Feng, a prominent local artist who combines traditional ink paintings
with more modern techniques, built the center because of his lifelong
passion for traditional Chinese arts. Along with commissions for
hotels and other clients, his work is often on display at his wife's
XYZ Gallery in Beijing. In addition to offering classes, the center,
which opened to the public this month, hosts monthly events and houses
a small guest room for visitors who want a more immersive experience.
"When I was young, China was very poor. We didn't have entertainment
like TV or toys, and it was normal for young boys to practice martial
arts," he recalls. "And I was lucky to meet several martial arts
masters who taught me the real practice."
He studied traditional painting at Beijing's Central Academy of Fine
Arts, explaining that he picked the major because at the time it was
the cheapest—studying modern art was too expensive.
When he graduated in 1991, it was difficult to make money from art, so
he began working in construction and interior design, spending a
decade working on the gleaming office towers and shopping malls that
were springing up all over Beijing.
"I didn't enjoy it at all," he says. In 2001, he left Beijing to study
Buddhism, visiting small temples in Shandong, Hebei, Gansu, and
Jiangsu provinces. "These are places tourists don't visit," he
explains. "I would be introduced to one temple by monks in another."
Eventually he designed and built a small temple halfway up a mountain
in Yantai, Shandong province, which monks still use today.
The Beijing he returned to in 2004 felt familiar, but vastly changed.
The art market was sky-rocketing, and his paintings began to sell.
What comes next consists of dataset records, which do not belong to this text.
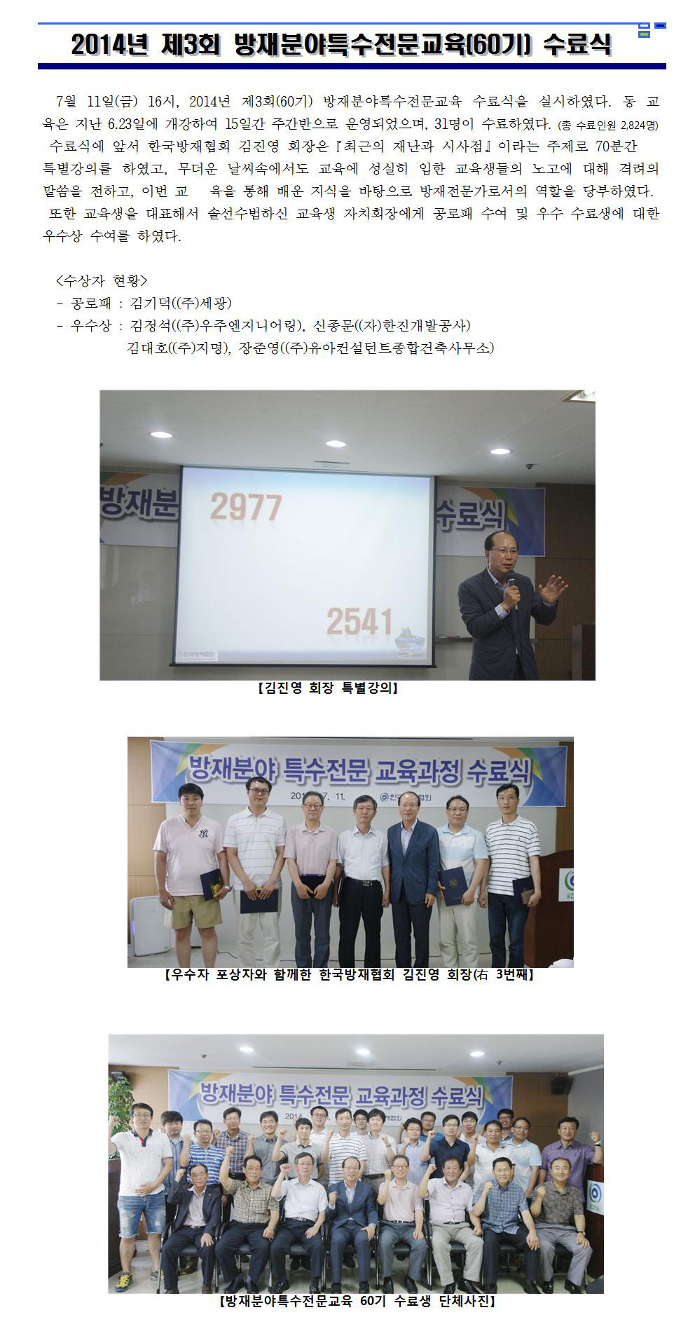 2014년 제3회 방재분야특수전문교육(60기) 수료식 2014-07-11 목록보기 이전글협회 정기간행물 『방재저널(59호) 발간2014.07.17 다음글방재저널 제60호 편집기획회의 개최2014.07.07
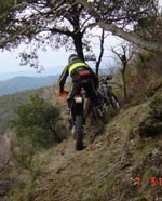| Les réglages moto (informations données à titre indicatifs. Consultez votre concessionnaire) Carburation; beaucoup de nos itinéraires se situent entre 800 et 1000 m d’altitude , se qui va induire pour pas mal d’entre vous des modifications de la carburation de votre moto, en particulier sur les 2 temps. En prenant en référence le niveau de la mer, et à supposer que votre réglage initial soit correct nous vous conseillons de descendre votre gicleur principal d’environ 5 % de sa valeur ou/et plus simplement de remonter d’un ou 2 cran le clip sur votre aiguille. Suspension ; Chez nous les terrains sont souvent rocheux . Vos suspensions ont besoin de beaucoup de réactivité pour permettre à votre moto de bien se comporter et d’économiser votre physique. Pour cela il vous faut diminuer de beaucoup votre réglage d’hydraulique en compression autant sur la fourche que sur l’amortisseur. Le montage d’un sabot de protection est fortement recommandé. Pneumatique : l’emploi de pneumatiques à profil et gomme mixtes est recommandé. La bonne pression pour une moto correctement réglée en suspension est de 1 kg pour l’avant et peut descendre à 800 grammes pour l’arrière. L’idéal étant bien entendu un système de mousses pour éviter tous problèmes. |
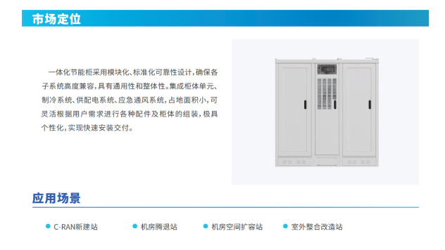 海悟一體化節(jié)能柜以“極簡、高效”為理念,采用模塊化、標(biāo)準(zhǔn)化設(shè)計(jì),確保各子系統(tǒng)高度兼容,具有通用性和整體性,整柜具有高密收容、高效可靠、極簡節(jié)地、綠色節(jié)能四大核心優(yōu)勢。
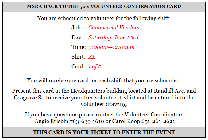 Confirmation Card
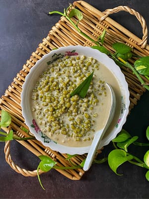 - Place the green beans, water, and pandan leaves in a pot.
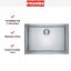 Особенностью конструкции являются минимальные радиусы скруглений: внутренняя чаша имеет закругление радиусом 1,6 см, а внешние кромки — 1 см. Такой подход придаёт изделию чёткие геометрические формы, подчёркивая современный характер дизайна, и в то же время упрощает очистку за счёт почти прямых углов. Мойка изготовлена из высококачественной нержавеющей стали и отличается превосходной устойчивостью к коррозии, царапинам и перепадам температур. Матовая поверхность сохраняет эстетичный вид даже при интенсивной эксплуатации, эффективно маскируя мелкие следы и отпечатки.
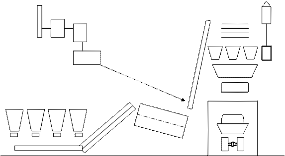Из сушильного барабана горячие материалы поступают по ссыпному потоку в горячий элеватор и поднимаются в сжигательный агрегат. Грохот разделяет горячие материалы по фракциям (по количеству сит) и поступают в расходные емкости. Отсеки снабжены автоматическими управляемыми затворами которые подают материал в дозатор. Отдозированные материалы поступают в смеситель. Параллельно с этим происходит объемное дозирование битума.
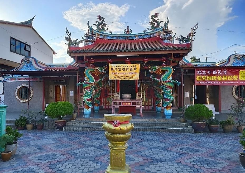 双文丹福灵宫由当地福建社群创立,位于新建福建会馆后方,始建于 1869 年,供奉神祇灵验而得名。庙宇早期建于河边,光绪初年迁至现址,以木料搭建,未用铁钉,现今古色古香,庄严华丽。相传孙中山早期赴马来西亚号召华人抗争打仗时曾在福灵宫逗留。
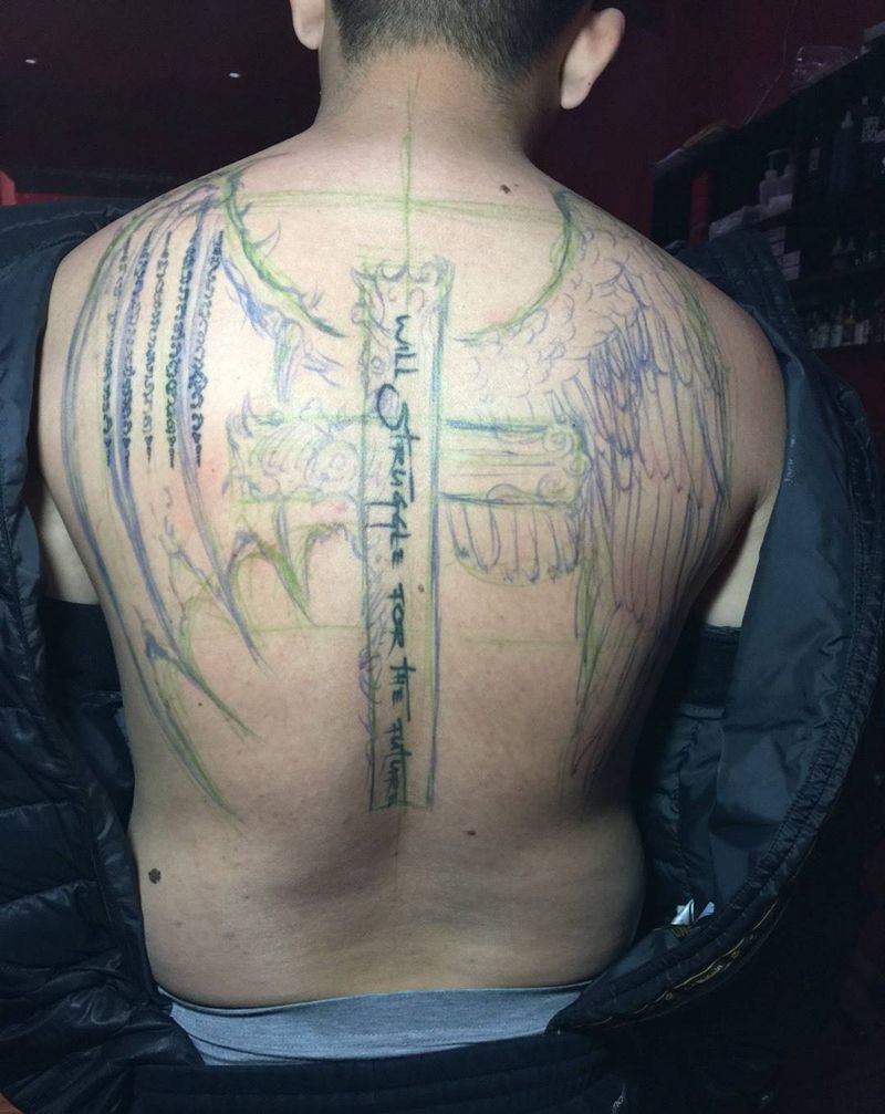 当前位置: 首页 >山东省淄博市纹身店-烈焰堂纹身纹身图案>天使与恶魔纹身图片_成品背部欧美原创遮盖作品修改宗教纹身图案
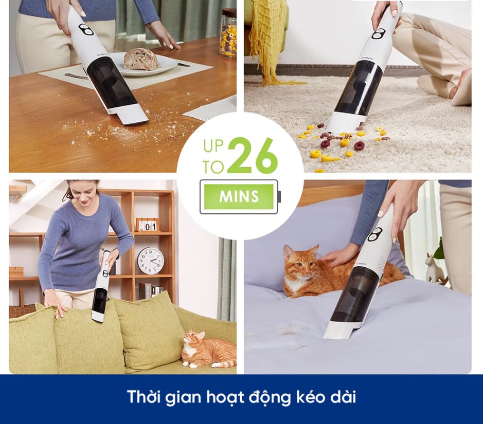 So với máy hút bụi thẳng đứng, chổi điện và các dụng cụ vệ sinh khác thì máy hút bụi cầm tay không dây thông minh Tineco PURE ONE MINI S4 này tốt hơn để có thể sử dụng hàng ngày. Được trang bị viên pin lithium-ion với thời gian sạc đầy chỉ trong khoảng 2 giờ và cung cấp thời gian hoạt động lên tới 26 phút.
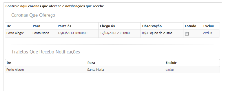 Para controlar(ver, excluir) suas caronas e notificações, é preciso estar na aba "Minhas caronas e notificações" da tela principal do aplicativo onde você pode excluir caronas e marcá-las como lotado, o que acarreta em sua carona não ser mais exibida nos resultados de busca. Suas notificações também podem ser excluídas, cessando o envio de notificações para você.
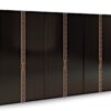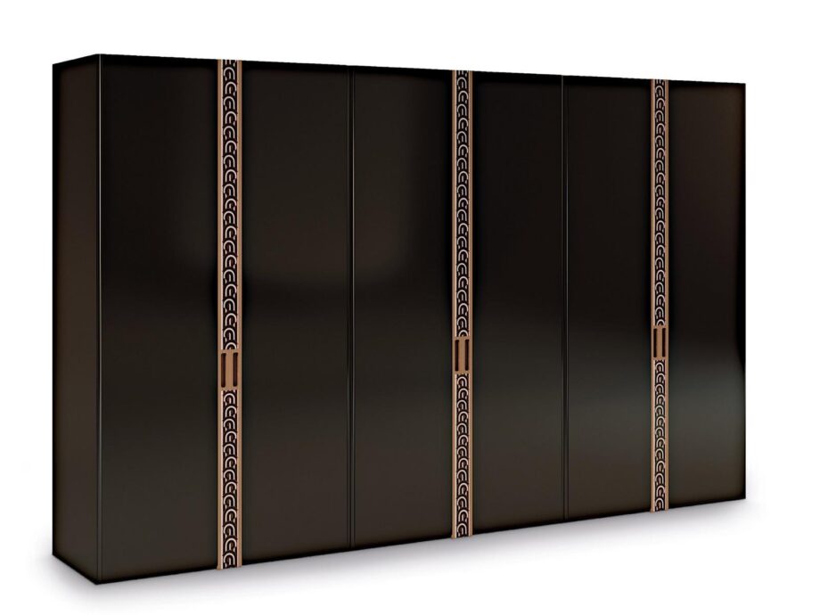 The wardrobe is a striking blend of modern design and timeless elegance. It boasts a glossy black lacquer finish, tastefully contrasted with vibrant inlaid wood. The intricate polychrome inlays add a dash of color, making this piece a true work of art.
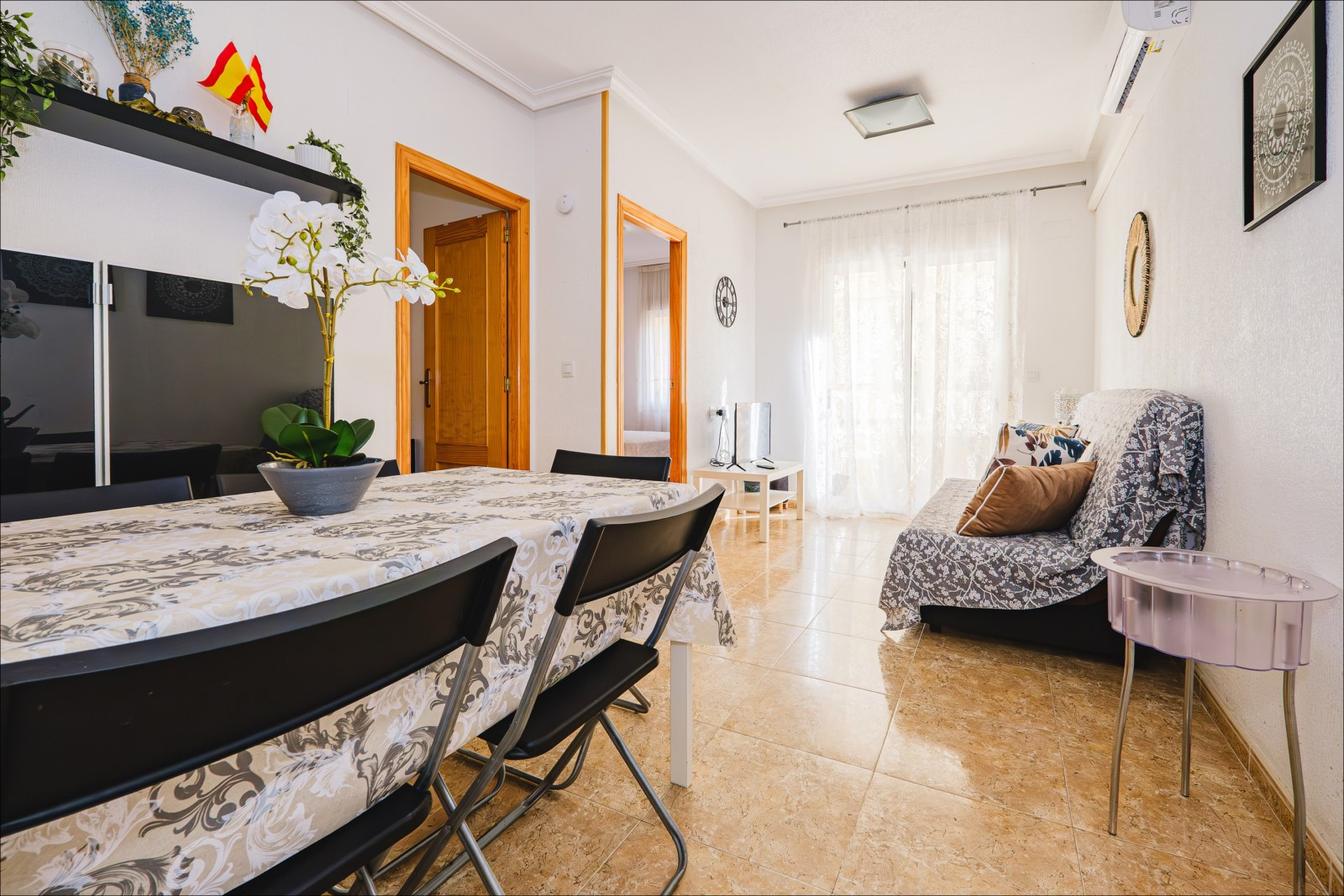 Предлагаем для зимней аренды квартиру с двумя спальнями в пешей доступности от двух городских пляжей. Апартаменты площадью 55 м2 состоят из салона, двух спален, кухни, санузла и балкона. В квартире есть все необходимое для проживания и отдыха: мебель, бытовые электроприборы (включая кофеварку), посуда, постельное белье и полотенца. В салоне установлен кондиционер. Телевидение испанское, беспроводной Интернет. Есть парковочное место. В районе прекрасно развита инфраструктура. До супермаркета «Консум» менее 200 метров, в пешей доступности множество баров и ресторанов. До моря и двух городских пляжей Лос Локос и Дель Кура 500 метров. Вариант размещения – до 6 человек (без животных!). Курение разрешается только на балконе.

"Many people said that setting up the temple brought me good luck," he
says. "I also think so."
In 2007, with money from his paintings, he decided he wanted promote
martial arts. So far, the center has attracted a handful of young and
artsy types who are interested in learning about traditional culture.
On my first visit, a group of students showed me tai chi moves. One
was a freelance graphic designer who visits on her days off. Another,
an aspiring filmmaker, compared my early attempts at arm circles to
the dance in Pulp Fiction.
"They have a better-off life," he says, referring to the young people
who've flocked to his center. "In the past few years, the economy has
grown bigger, but people are also becoming more interested in
promoting tradition. For a very long time after the Cultural
Revolution, we thought we had to get rid of very old things. Nobody
was interested in the kind of center except foreigners."
Li Hang, who had been studying tai chi informally since he was 8, was
introduced to the center by friends about a year ago. Initially, he
just wanted to take a look, but Li stayed on and became one of the
first instructors. "I think we have the same goals about practicing
and promoting martial arts," Li tells me. "What's in movies is all
about performing, which gets you farther and farther from a sense of a
healthy body and soul."
Feng, who mostly practices a forceful form of martial arts called
dacheng quan, also hopes to counter some of the stereotypes he sees
about Chinese martial arts.
"There's a trend of making the traditional arts look very Eastern and
magical. People think they can learn kung fu and hit 100 people," he
says. "I want to teach martial arts that are very true and genuine."
When I remark that he appears calm, despite the violent form of
martial arts he prefers, he produces a Chinese magazine and shows me a
photo of Bruce Lee's teacher, Yip Man, who also had a placid bearing.
Yip is his favorite martial arts master because he wasn't detached
from the world, but wanted to teach martial arts to others. "After
World War II, he taught everyone in his city martial arts to protect
them and help them bring out the soul again," Feng explains.
Feng, too, sees his center as a place to bring back the soul in an
increasingly modern city.
"As the city gets more and more modern, we think more of natural
things and the soul," he says. "It's just like how people in more
developed places want to go farther and farther from cities when they
go on vacation. They go to very clean, natural places."